Recorded information:

______________________________

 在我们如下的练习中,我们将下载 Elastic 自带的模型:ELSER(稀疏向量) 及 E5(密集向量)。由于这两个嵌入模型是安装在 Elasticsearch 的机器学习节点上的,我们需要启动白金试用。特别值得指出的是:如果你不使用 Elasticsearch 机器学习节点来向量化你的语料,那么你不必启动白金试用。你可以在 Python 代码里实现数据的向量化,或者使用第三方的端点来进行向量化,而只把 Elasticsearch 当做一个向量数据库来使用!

______________________________

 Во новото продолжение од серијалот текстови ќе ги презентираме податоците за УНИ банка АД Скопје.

______________________________

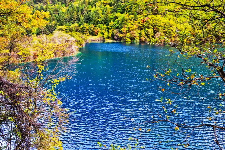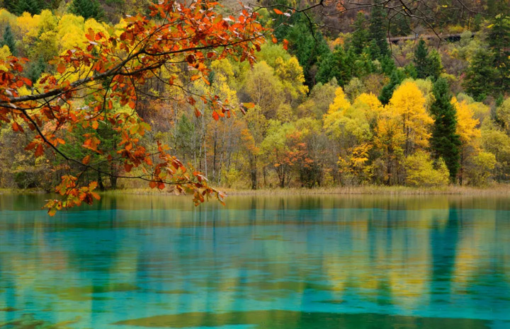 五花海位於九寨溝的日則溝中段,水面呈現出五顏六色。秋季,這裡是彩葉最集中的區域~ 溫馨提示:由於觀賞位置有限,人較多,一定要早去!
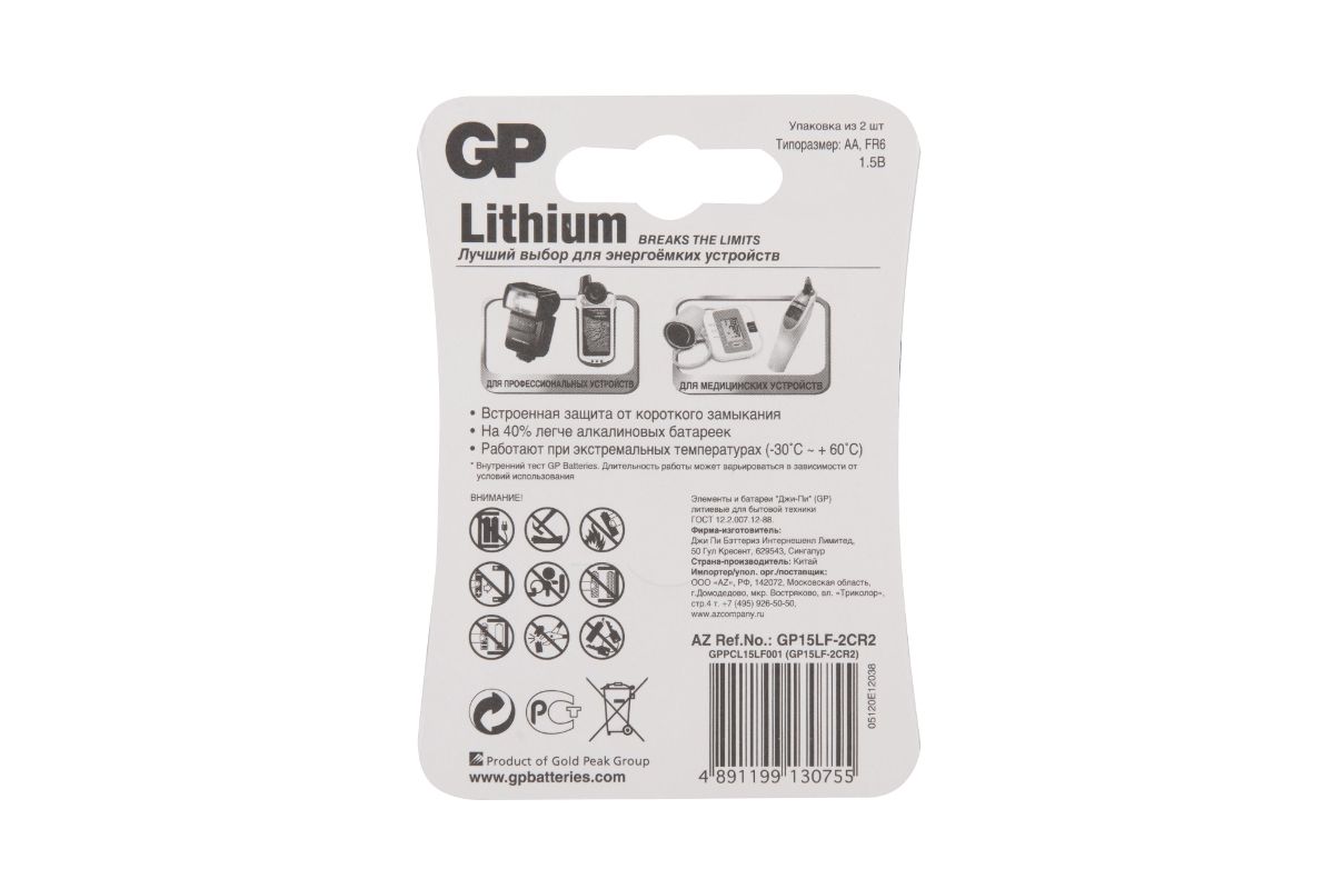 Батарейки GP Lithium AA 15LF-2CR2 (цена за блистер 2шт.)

______________________________

Instructions to follow: Return exactly the part of the listing above that opens with the line containing "五花海位於九寨溝的日則溝中段" and closes with the line containing "Батарейки GP Lithium". Pictures stay out.

Result for this exercise:
 五花海位於九寨溝的日則溝中段,水面呈現出五顏六色。秋季,這裡是彩葉最集中的區域~ 溫馨提示:由於觀賞位置有限,人較多,一定要早去!
 Батарейки GP Lithium AA 15LF-2CR2 (цена за блистер 2шт.)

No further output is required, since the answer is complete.